Captivo è uno spettacolo di teatro canzone, un quadro espressionista, costituito da personaggi teatrali e cinematografici legati dalla loro peculiarità di essere costantemente border line, sulla linea di confine tra Bene e Male. Una sequenza sorprendente, originale, innovativa. La recitazione, l’interpretazione capovolgono le carte sul tavolo, si fa parlare Viviani come se fosse diretto da Kubrick e si riveste la violenza di genere di finto amore, fino ad una tirata della Commedia dell’arte. Voci che cambiano, intenzioni inaspettate, personaggi capovolti.
Spesso, nel Teatro e al Cinema le parole sono state sottovalutate, musicate da una melodia allegra o velate da belle immagini.
Avete mai ascoltato con attenzione il testo de “‘A Retena de’ scugnizze” di Viviani?
Grazie all’accompagnamento da Festa popolare, forse sfugge quello che in effetti è un accordo tra ragazzini forse più che semplici “mariuncielle”, un accordo anche abbastanza duro.
E cosa differenzia l’attacco prepotente e senza motivo al debole Mimì di Montemurro o alle femmine di Festa di Piedigrotta da parte dei Bazzarioti, dallo spirito che muove Alex e i suoi drughi in Arancia Meccanica?

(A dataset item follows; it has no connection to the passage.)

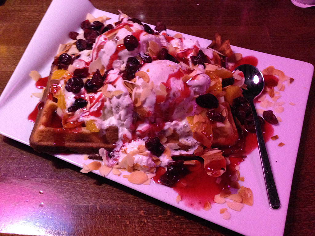 Mein absolutes Highlight waren die Belgischen Waffeln mit Vanilleeis, karamellisierten Erdnüssen, Cranberries, Honig, Ahornsirup und – was fehlt da noch? – klar, Bacon! :-)

Captivo vuol dire, oltre che cattivo, prigioniero. Qual è il confine tra carceriere e carcerato, chi imprigiona chi?
In scena con Gianfranco Gallo, il chitarrista solista jazz Antonio Maiello (un numero uno del panorama nazionale), la sua musica, come un’onda densa e continua, asseconda la traversata. Insieme a lui il polistrumentista Michele Visconte.